Sun 8 Jul 2007
Okay, I’m going to act like a real blogger for a moment. Here are two things on the internet that I think are just fascinating:
http://blog.wired.com/business/2007/04/my_other_interv_1.html
The first is a WIRED magazine interview with Eric Schmidt, Google CEO, from 2005. He’s got really perceptive things to say about the impact of a leader’s thoughts, actions, and decisions on all the other people involved, and the importance of involving relevant people in the decision-making process; the compromises you have to make (in terms of violating a *pure* consensus model) to actually get things done and decisions made; and the way to channel other people’s brilliance in the most productive way possible. He speaks humbly and gives full credit to his collaborators, but I have a glimmer of an idea that very few people in the world are capable of leading a company like Google as successfully as he does.
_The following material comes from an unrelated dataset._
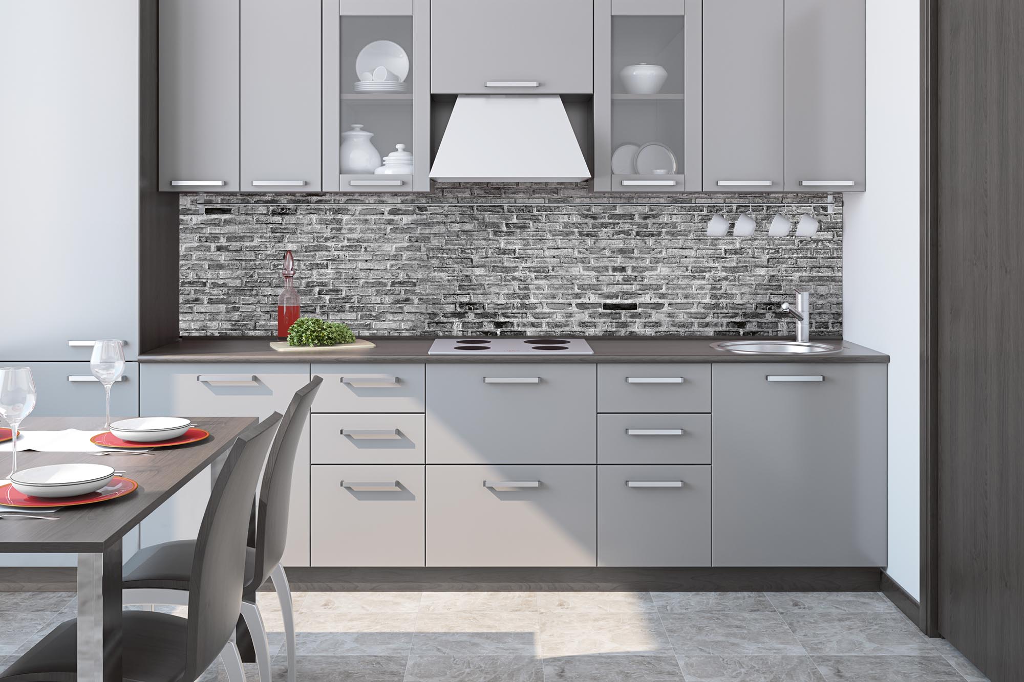 Küchenrückwandfolie lässt sich ausschließlich auf die nicht-saugfähige Unterlage kleben (Glas, Holz, keramische Fließen).

The bulk of this interview is stuff that I can apply to leading a theatre company. (For those not immersed in a high-tech culture: the “20 percent time” that they talk about during part of the interview is the Google corporate policy of encouraging each employee to devote 20 percent of their work time to a project of their own devising, that they work on at their own pace and share with their fellows. After I first read this interview, I had a dream that night that I was running a theatre company in which all the collaborators were expected to be working on their own side projects as well. I need to think more about how to apply all the other stuff he talks about.)
The second link is a ‘modern speech’ translation of Washington’s Farewell Address (courtesy Randall Munroe of xkcd.com fame.) I include this link instead of Washington’s original address because Randall did a pretty good job of the ‘translation’, and it’s much easier to get through (though if you’re a purist you can follow the link on Randall’s blog to Washington’s original text.) It’s another example of really impressive leadership, and it’s sad that in my lifetime I don’t think I’ve seen a president who could address the problems of running the country as a whole in such a thoughtful, honest, non-condescending way. I’m a little spooked by his assertion that only religious people can be truly moral, but aside from that, this speech evinces overtones of the same things I see in Schmidt’s interview: a willingness to learn from experience, an acknowledgment that not everything is figured out yet, a deep understanding of how people work together, a deep distrust of segmentation, and a certain amount of humility about his own role in it all.
Both these articles have been haunting me for months now. Anyone with thoughts about them, call me! Let’s talk pretentiously about leadership as if we know something about it, whee!
:-p It’s 2:40 in the morning. I can never tell how seriously to take myself at this hour. G’night, beautiful people.